Lyme symptoms can vary greatly from person to person. It depends on what areas of the body the infection attacks. Rather like when some people get a bad cold they end up with a sore throat, and others may end up with sore ears - we are all unique. This can make it especially difficult for doctors to diagnose, especially when lab tests are not reliable, and even moreso, when they are not done in the small window of time that *may* show an immune response to borrelia infection.

The list above is nowhere close to exhaustive - close to 200 individual symptoms have been linked to Lyme disease (see ILADS.org or lymediseaseuk.com for further details). 

However, imagine the list described, and imagine feeling all of that at once. Add on the worst hangover you can remember, and then imagine you ran a marathon too. You're close, but not quite there.

#LymeDiseaseAwareness




Wednesday, May 23, 2018

Realities: Lyme treatment

Lyme disease awareness

This year is proving to be a tough one. Treatment is working, but energy levels (& computer tolerance levels... eyes, concentration, headaches) are low.
The 
A few awareness points for 2018...

How many times does anyone really want to hear...
 - get treatment fast
 - wear insect repellent 
 - "TICK CHECK!!"

❓❔❓❔❓❔❓❔❓❔❓❔

Definitely enough times for it to reeeeallllly sink in - because, let's get personal today -  PICC lines are not fun. Neither is Lyme. So let's just reiterate:

-You don't want systemic Lyme disease. Full stop. Just no. You don't even have to consider the PICC line: obviously you don't want a debilitating, poorly understood, difficult to diagnose, impossible to cure (for sure) illness. OBVIOUSLY  that goes without saying.

BUT STILL...

-You don't want a PICC line (personally I've not had any other kind, but really, you don't want *any* kind of line)

So, again:
INSECT REPELLENT! 

IMMEDIATE TREATMENT! 
REMEMBER! 

It's not just a case of suffering through a simple (or guess who got lucky.... complex) PICC insertion (see post from last June) & then zapping some meds into your line every day... there's:

PICC problems

1&2. The inevitable irritable skin from constant dressing changes, skin cleaning/ disinfecting/ sticky sticky itchy dressings... and a tube coming out your arm... vein.

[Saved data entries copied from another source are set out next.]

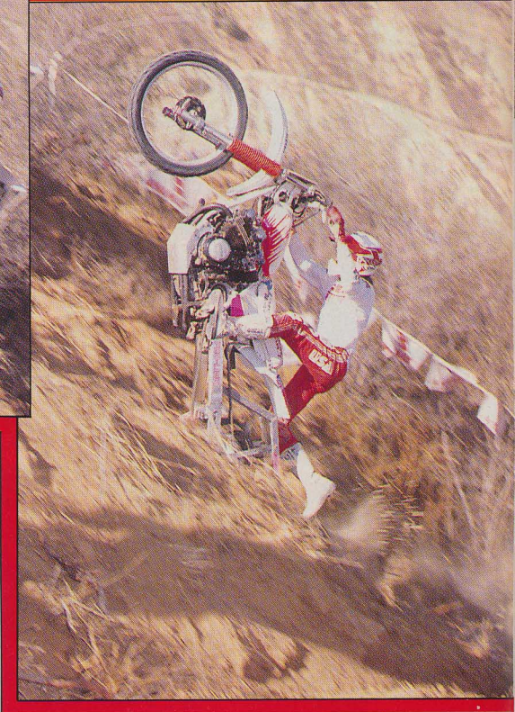
Some riders' machines carry Western Hillclimbing's "sky's the limit" rules for open exhibition machines to the absolute extreme. This Honda's landing sickened spectators and set off earthquake alarms in Los Angeles. ►
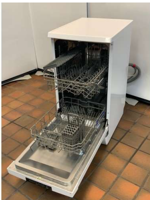
12. M - TEKNIX SLIMLINE DISHWASHER MODEL TFD455W RRP £329
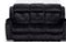
301R W: 80" / 203CM
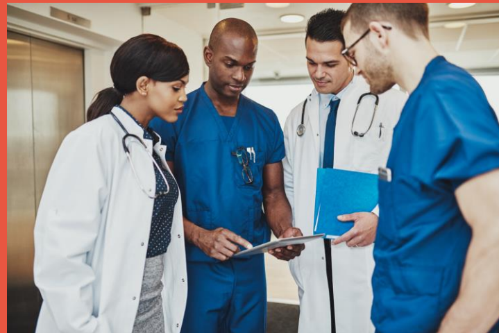
Training for a career
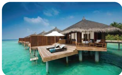
50 Water Villas with Jacuzzi - 90 sqm

These magnificent villas are built on stilts, close to the house reef with its colourful myriad of marine life. The villa features an airy bedroom with king bed and a spacious bathroom with twin vanities and rainfall shower. The villas also include an oversized two-tiered sundeck with your jacuzzi, sunloungers and sun umbrella. Enjoy panoramic views of the Indian Ocean.
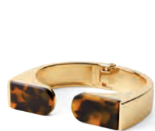
#2089 Zelda Cuff USA 59 | CAN 69 | UK 46 pp. 05, 32, 14, 17, 18, 21, 23, 24, 25, 26, 30

3. The body trying to heal around a hole it doesn't want to have there - because that's it's job, right?! I didn't zoom in too much here (on purpose, you're welcome); but you can see the slight crusting around the edge of the line - it has to be scrubbed away at each dressing change too. And THAT'S fun. 😒

4. Just a reminder from my 'PICC placement pic' - it is not a case of 'hello vein, meet line (tubing?)...... hello heart, meet line' 😊. Sure, most PICC placements are nothing to freak out about... (Hundreds of people have told me. Honest.)... they still involve some 'numbing' shots, some maneuvering through veins, into bigger veins and making sure the line rests exactly close enough to your heart for the meds to get in the right place, and exactly far away enough for it not to 'tickle' your heart. (I'm lucky I didn't experience this, but I'm going to bet 'tickle' is one hell of a euphemism!) 

Then it has to stay there, thankfully with a little wiggle room, as - again - the body should reject foreign objects, so it can push it out entirely, or - in my case, thankfully - just a little wiggle over time (carefully marked by dots, wiggle is also a euphemism; my line: 39cm with 2cm leeway - this IS an exact science).

And really - does that look like a happy arm? It was not!

Then comes expecting the unexpected - because it always seems to happen, randomly!


Life adjustments

1. Creativity required at times. One day I had to take a full bag home for the next day (not frozen, or unmixed):
"Keep. It. Upright."
Umm.... ok. 
Let me remind you:
Left arm has the PICC in it... please remember that's my good arm! No holding that bag up with either arm. Hello car-mirror-IV-hook.

And perfectly chosen socks for that day. 

Actually - it's AMAZING how many things can be fashioned into some kind of IV poles... lamps, curtain rails, coathangers, scarves, brooms...

2. While the body may try to push out PICC lines, scab over them, react angrily to being scrubbed and covered all the time, sometimes it just says, NOPE. NO MORE.

This day, my poor, poor body did not want to give up any blood (did I mention the regular blood draining to check the medications aren't destroying other organs? Another reason you really don't want systemic Lyme /a PICC line/ these awesome meds). Occasionally my line & body work together and give my doctor or nurse 'decent' blood, suitable for testing, out the line,  o needles required. Wonderful days!* There were other days where the blood looked perfectly fine to me - apparently not. Those are needle days.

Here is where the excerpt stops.